The Regulatory Hotline Number is (800) 949-2732.  The Regulatory Hotline only accepts requests at the number provided.  They do not provide support via email.
Thanks, Virginia.

Virginia is a U.S. tax attorney who practices in Dubai.  I have found her very knowledgeable about the IRS's offshore iniitiatives.  Readers may see her professional summary here.

Monday, July 1, 2013

Depositor Pleads to False Return; Depositor in Luxembourg Branch of Israeli Bank (7/1/13)

DOJ Tax announced today that Alexei Iazlovsky of Potomac, Md., pled guilty to filing a false tax return for 2008 related to his interest in a foreign account, here.  The plea agreement and information are here and here.  Key facts:

Name:  Alexei Iazlovsky
Conviction (by plea):  Tax Perjury, 7206(1) (1 count for 2008)
Foreign Bank(s):  Luxembourg branch of an Israeli bank (unnamed in release);
FBAR Penalty:  50% of the high balance.  (High balance not stated.)
Omitted income:  $2.6 million
Tax Loss:  More than $400,000.
Admitted conduct:  False individual and corporate returns
Enabler: Nadav Kalai, a return preparer (see below).
Court:  CD CA
Judge:

Cut and paste from the press release):
According to court documents, Iazlovsky, a U.S. citizen, maintained an undeclared bank account held in the name of a foreign corporation at the Luxembourg branch of an Israeli bank. Iazlovsky owned a corporation that produced documentaries for Russian television stations. A tax return preparer suggested to Iazlovsky that he could reduce his taxes by keeping money out of the United States and diverting payments from his Russian clients to a foreign bank account held in the name of a foreign corporation.  Iazlovsky met with a banker from the Israeli bank at a New York hotel to open the Luxembourg account.

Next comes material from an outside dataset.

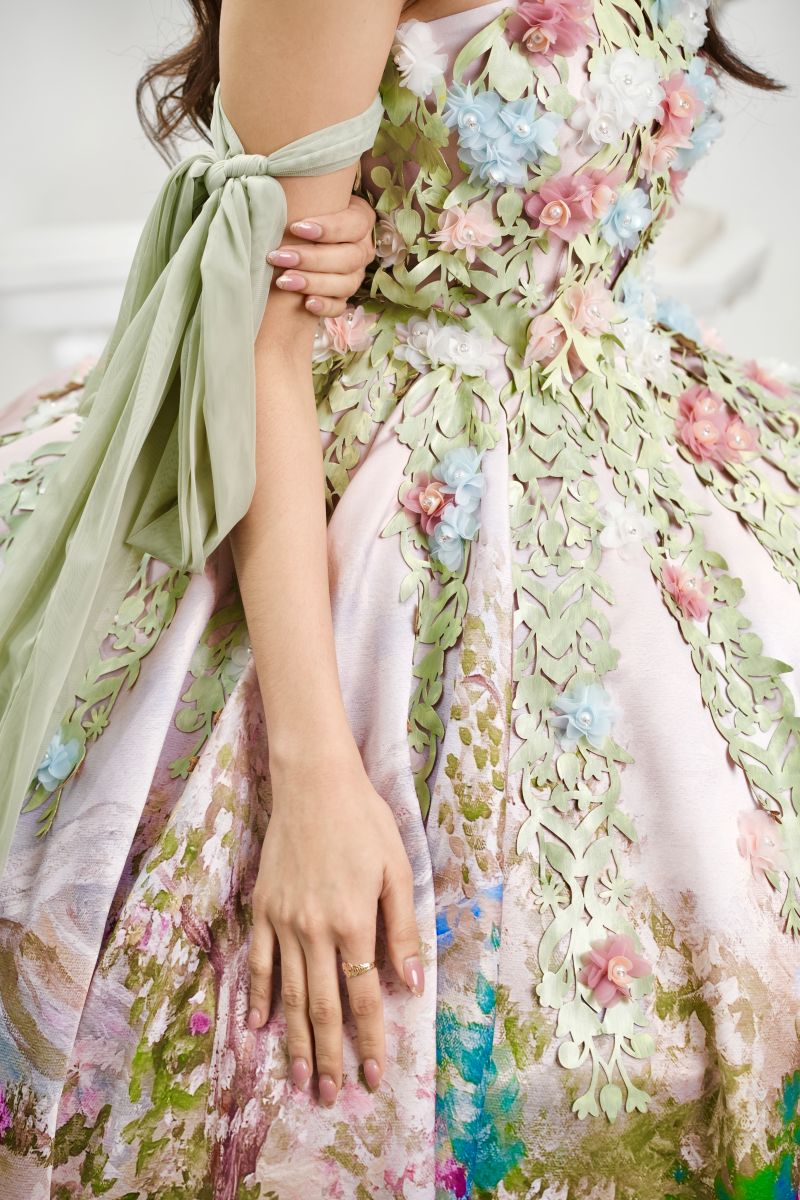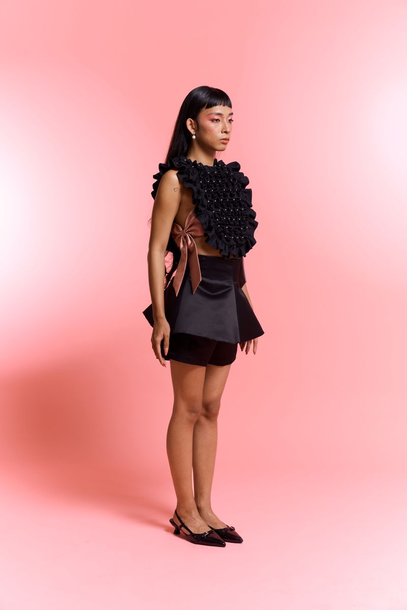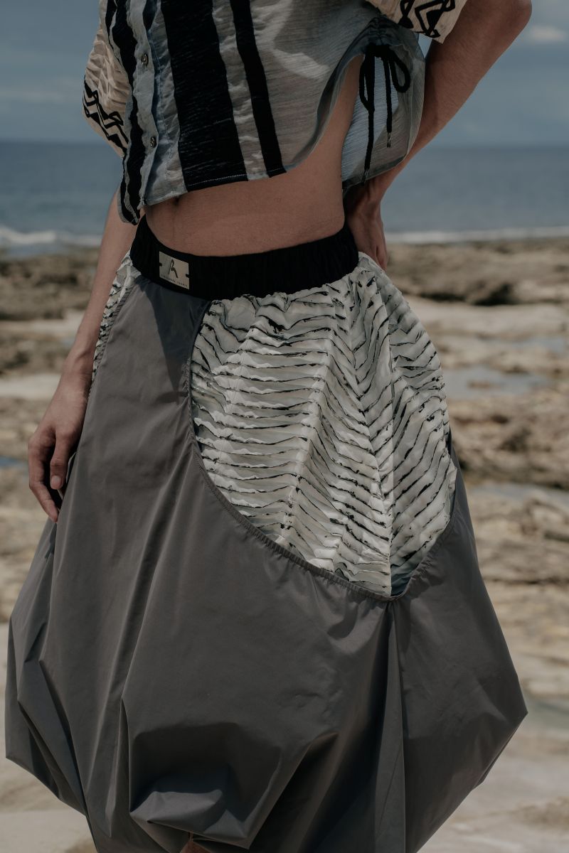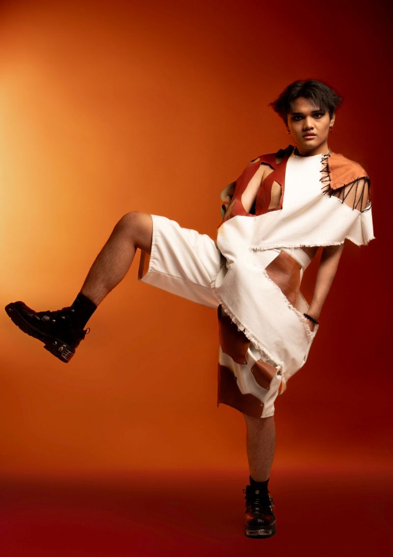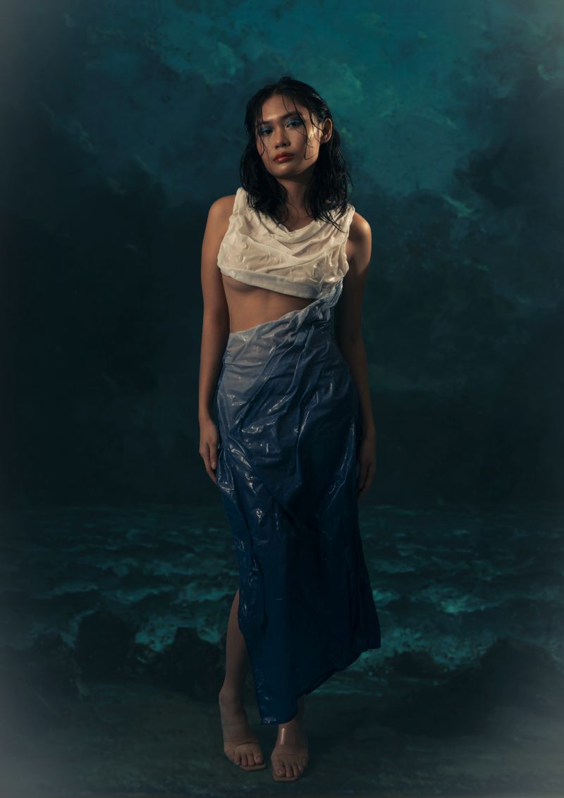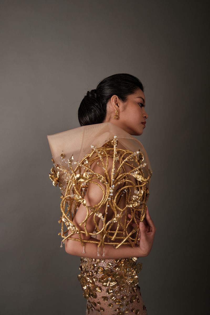 “My collection is about my mom. My look for the exhibition is an apron. We dye salted eggs in the family business, and I use this in my apron. There’s a crystallization process involved,” says Lance Rubio, whose collection was named “Para Kay Nanay…”

According to court documents, Iazlovsky diverted a total of $2.6 million in untaxed payments from his Russian clients to his undeclared bank account in Luxembourg. From 2002 through 2009, Iazlovsky filed false individual and corporate tax returns that failed to report his authority over and ownership of the bank account in Luxembourg. He also omitted the income diverted to and generated by the undeclared account in Luxembourg. Iazlovsky has admitted that the tax loss is more than $400,000.

Iazlovsky is the latest in a series of defendants charged in the U.S. District Court for the Central District of California with failing to report income from undeclared accounts held at Israeli banks.
 I will update the spreadsheet later this week.

On Writing: Strunk & White's Elements of Style (7/1/13)

This writing is on Today's Writer's Almanac, here.  Since I recommend Struck and White's Elements of Style (4th Edition 1999), here (Wikipedia entry here) to my students, I thought I would pass the Writer's Almanac Entry on:
It's the birthday of American grammarian William Strunk Jr. (books by this author). (1869), born in Cincinnati, Ohio. He was an English teacher at Cornell for 46 years, and edited works of Shakespeare and James Fenimore Cooper. In 1918, he self-published a little book for the use of his students, called The Elements of Style. It was a 45-page volume intended, according to Strunk's introduction, "to lighten the task of instructor and student by concentrating attention ... on a few essentials, the rules of usage and principles of composition most commonly violated." He revised it in 1935; and in the late 1950s, one of his former students, the writer and New Yorker editor E.B. White, revised and reissued the 1935 edition. It's now colloquially known as "Strunk and White." 
The Elements of Style is full of helpful advice to aspiring writers and students everywhere. In it, one may find such wisdom as, "Instead of announcing what you are about to tell is interesting, make it so," and "Never call a stomach a tummy without good reason." 
American author Dorothy Parker once wrote: "If you have any young friends who aspire to become writers, the second-greatest favor you can do them is to present them with copies of The Elements of Style. The first-greatest, of course, is to shoot them now, while they're happy."